New Bankruptcy Rules - your questions answered right here...
More About New Bankruptcy Rules...
You have information about the new bankruptcy law requirements for credit counseling, the income and means tests for chapter 7, residency requirements, and lawyer liability, but there are even more changes you should know about. It's no surprise these changes will make it harder and costlier to file bankruptcy.
If you are allowed to file Chapter 7 bankruptcy, there are changes in how your personal property is valued. Under the old law, you could value your personal property at basically 'garage sale' prices. That meant most, if not all your personal property would fall within the exempt property categories of most states.
Under the new bankruptcy law, you must value your property it the price it would cost to replace it retail, taking into account its age and condition. Since you have to come up with a retail price and your attorney has to certify it's correct, you just about have to have an appraiser to the valuation. A car is easier because you can just look up the blue book price.
Also, under the old bankruptcy rules, you exempt personal property you could keep under chapter 7 was determined by the laws of the state where you lived if you resided in the state for at leas three months.
Under the new law, you must live in a state for two years before filing bankruptcy in order to use the state's exemption laws. Otherwise you must use the exemptions of the state where you used to live.

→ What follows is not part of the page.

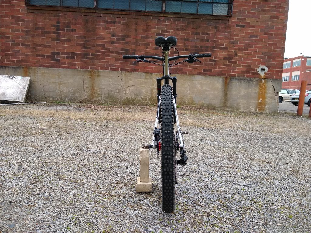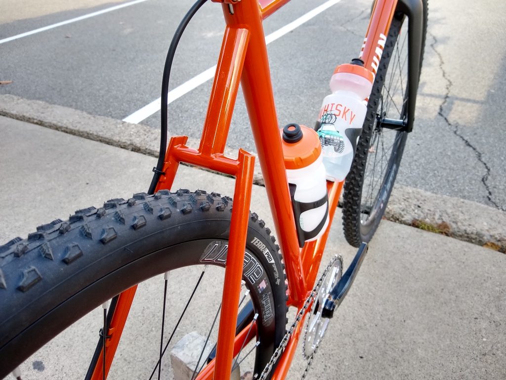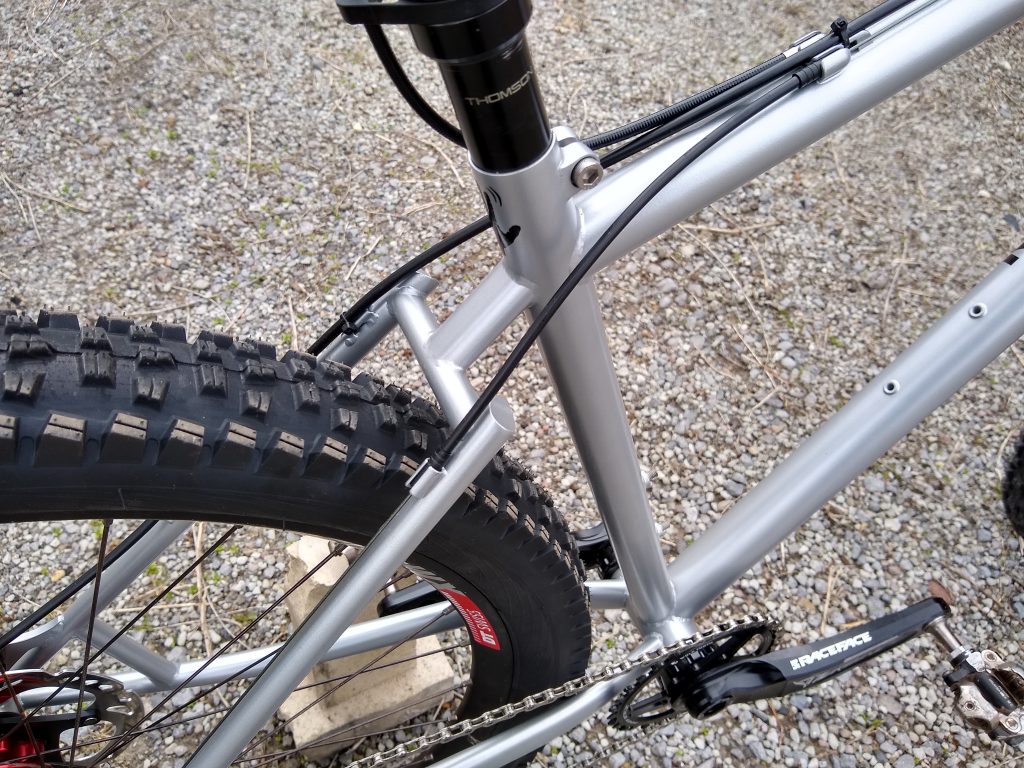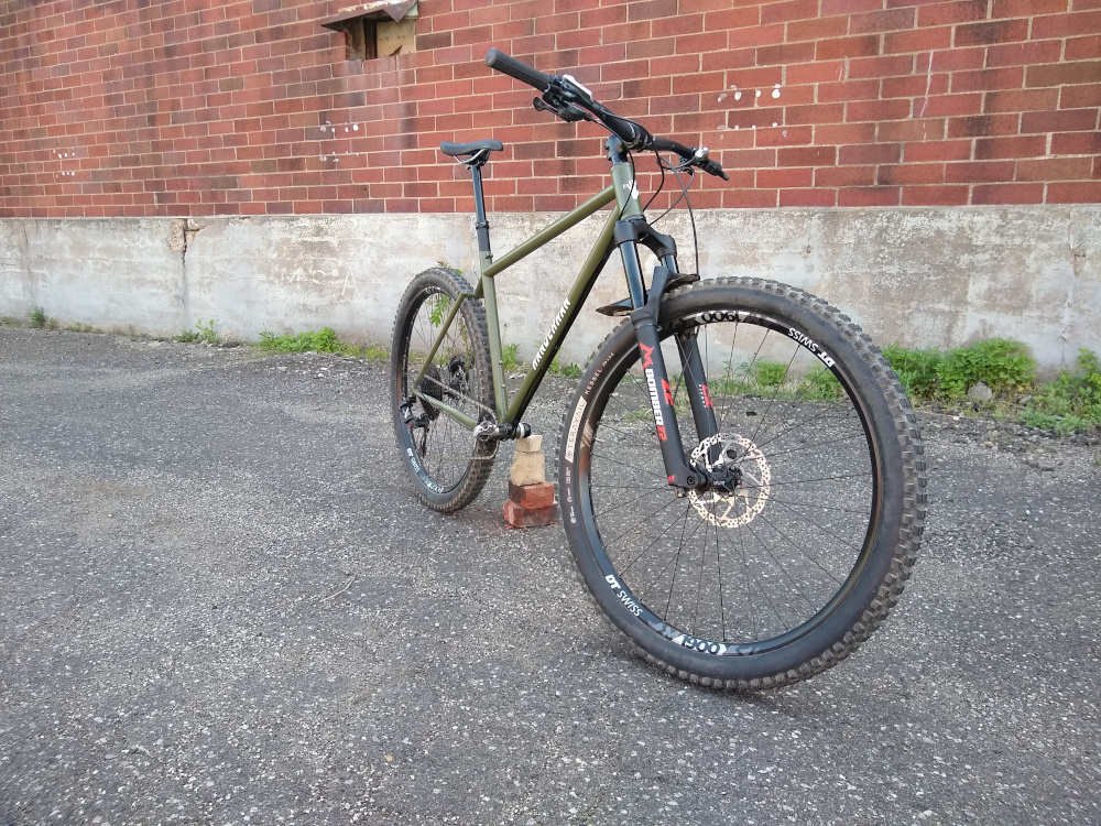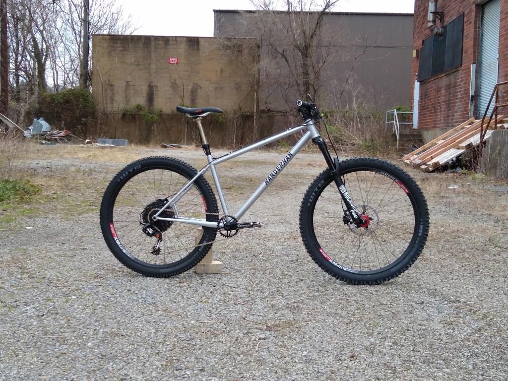 Trail hardtail tailored for western PA woods. Low bottom bracket, longish top tube, slackish head tube, clearance for 27.5 x 2.5″ tires. Box One 11-speed drivetrain, Race Face Turbine cranks, handbuilt Hope / DT Swiss wheels.
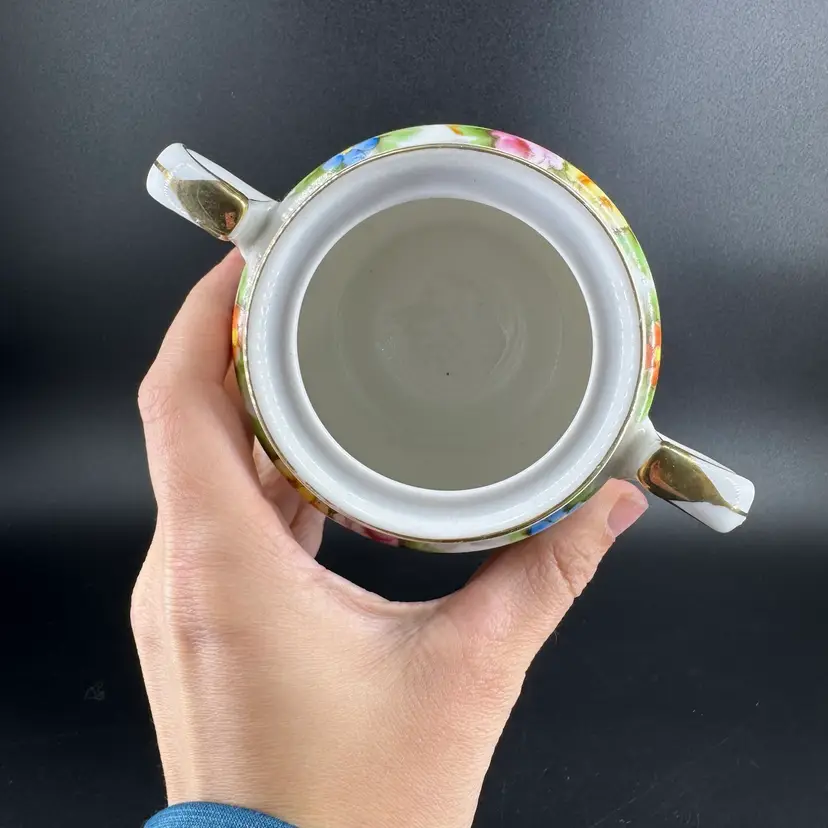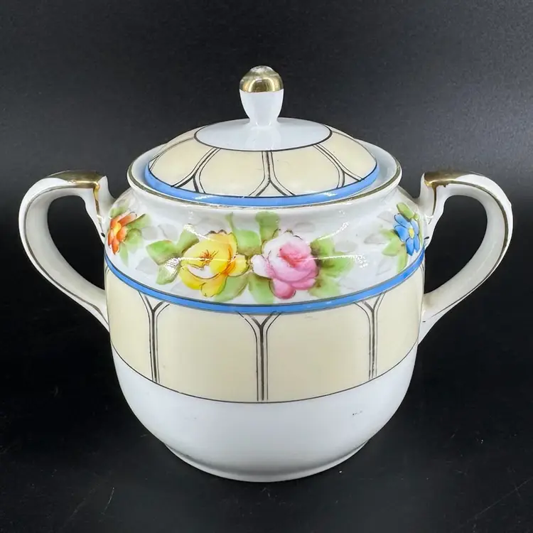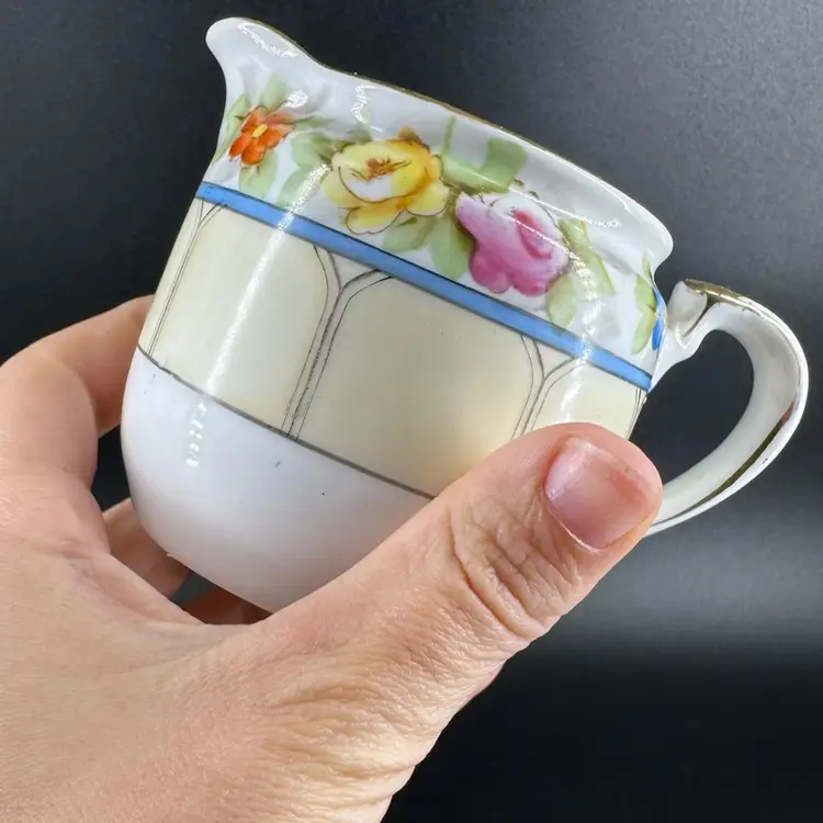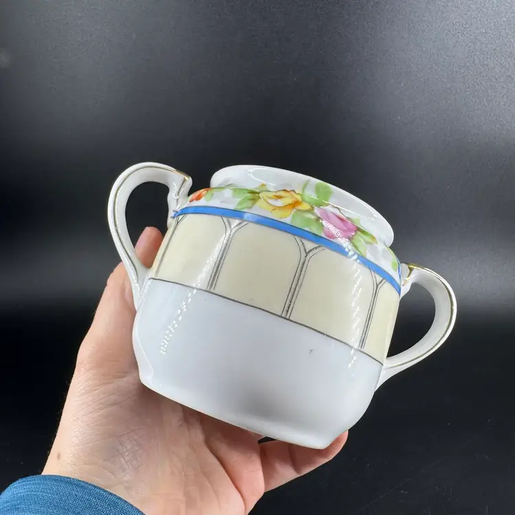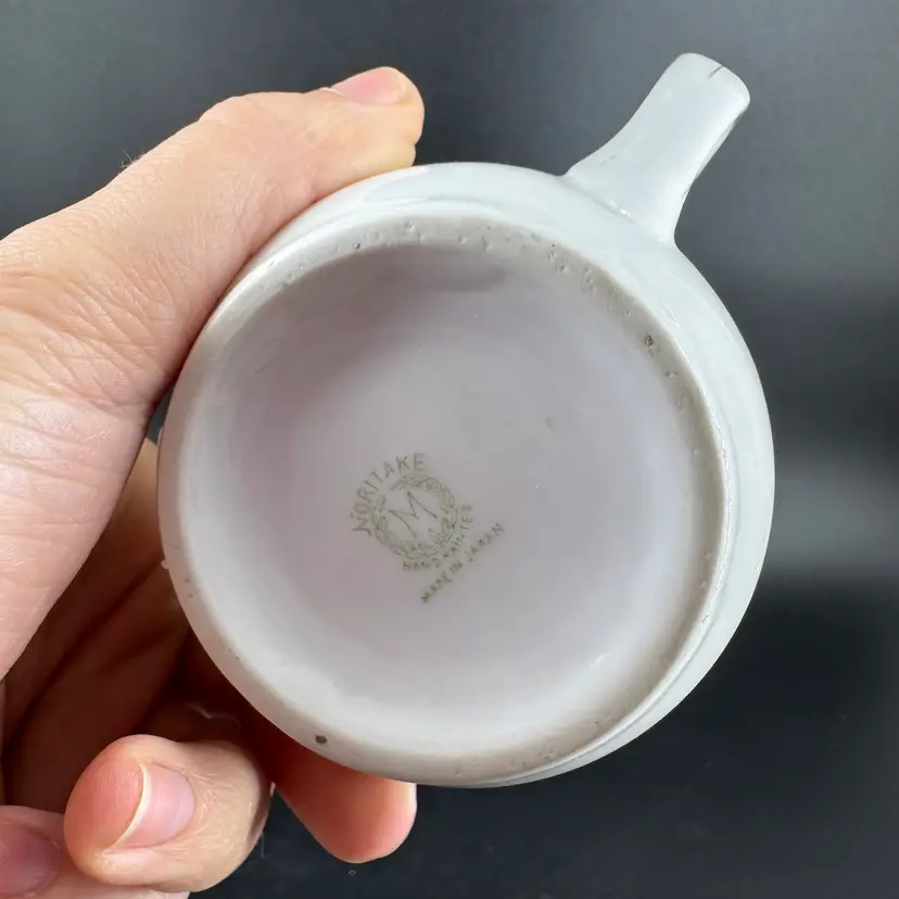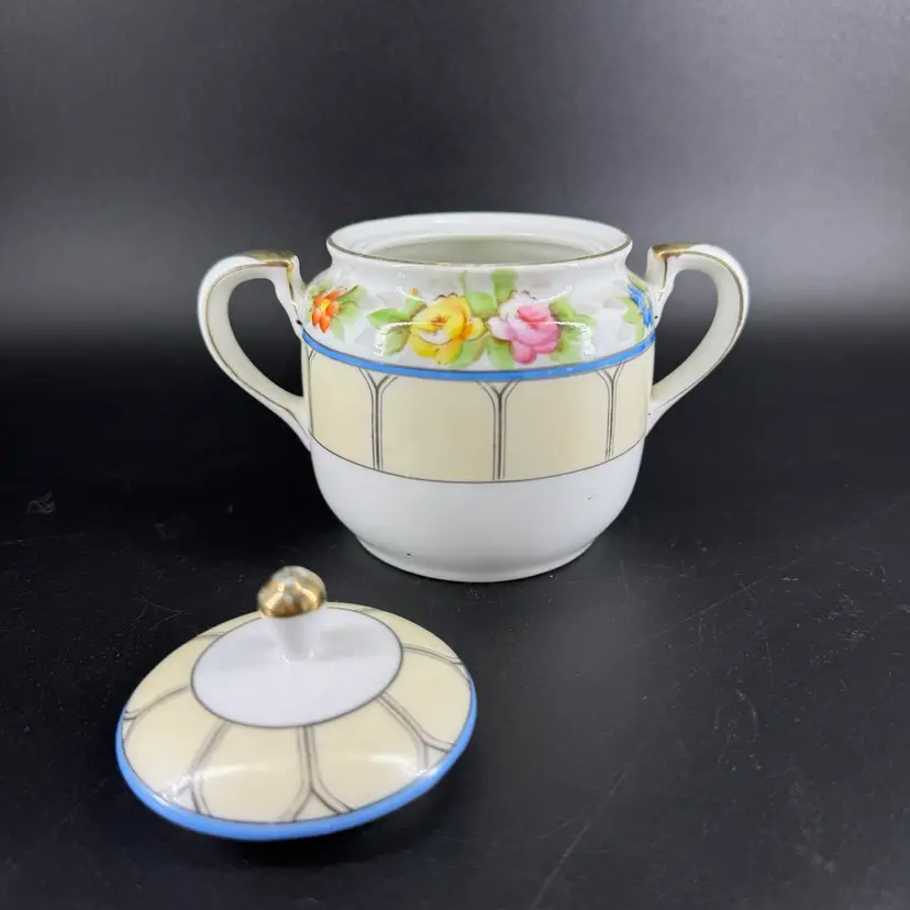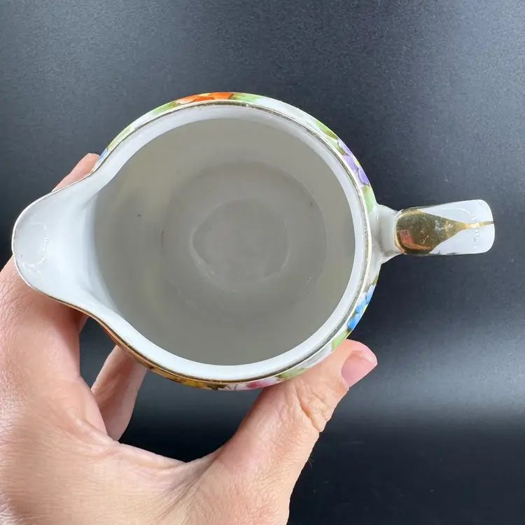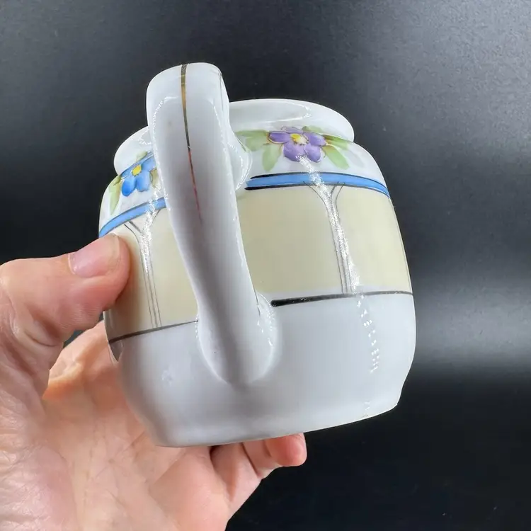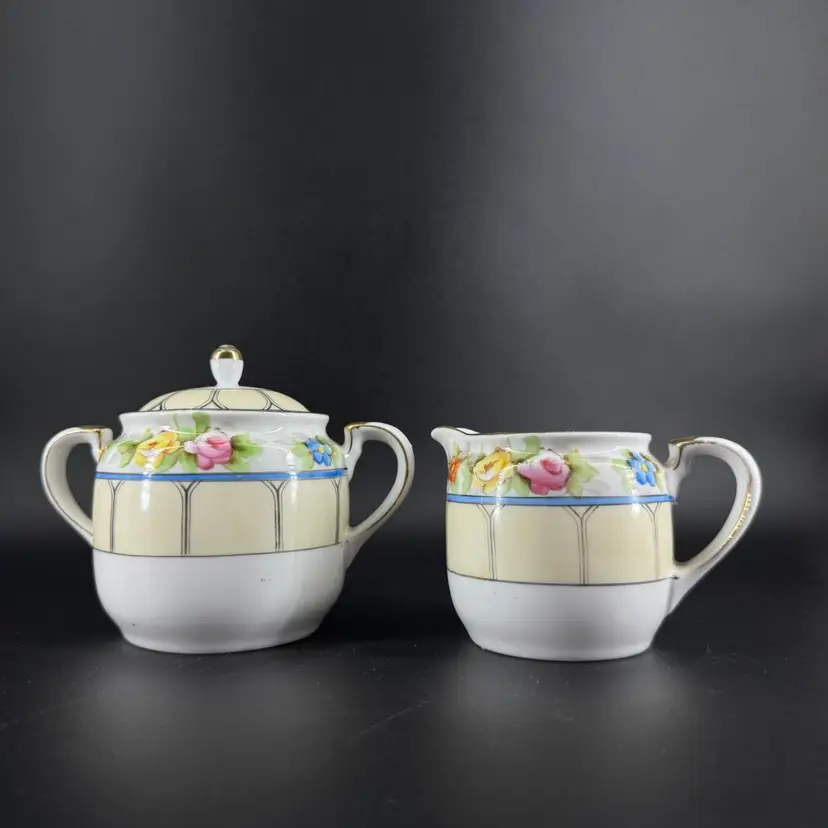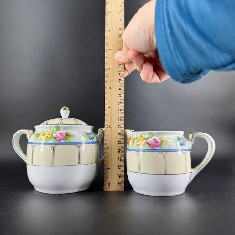 This Hand Painted Porcelain Noritake Creamer And Sugar height is approximately 3” and 4”. There are no chips or cracks. They are marked on the bottom Noritake.

More people will be forced to use chapter 13 bankruptcy under the new law. That reason behind that was to force people who could repay all or part of their debts to do so instead of using bankruptcy chapter 7 which wiped away most debts. That sounds reasonable to a lot of us.
Chapter 13 bankruptcy required that you devote all your disposable income to repaying debts. That part hasn't changed, but how you calculate your disposable income has. Under the old rules, you subtracted your actual expenses from your monthly income to arrive at your disposable income.
Under the new bankruptcy law, your monthly income is your average income for the six months before filing your petition. Then, instead of subtracting your actual expenses, you use allowed expense amounts set by the IRS. These amounts are often lower than your actual costs. The amount of 'disposable income' left may be more than what you have to spare every month. That means more chapter 13 bankruptcy plans will fail.
Under the old law, if your bankruptcy case was dismissed for any reason and you still couldn't pay your bills, it wasn't much of an issue to refile. The new law limits debt relief if you are filing after a prior case was dismissed.
There are a lot of changes to the bankruptcy laws. It would probably be a good idea to consult an attorney before you file. Even if the attorney will not take you on as a client to file bankruptcy, they may be willing to give you legal advice.
There are a lot of changes to the bankruptcy laws. It would probably be a good idea to consult an attorney before you file. Even if the attorney will not take you on as a client to file bankruptcy, they may be willing to give you legal advice.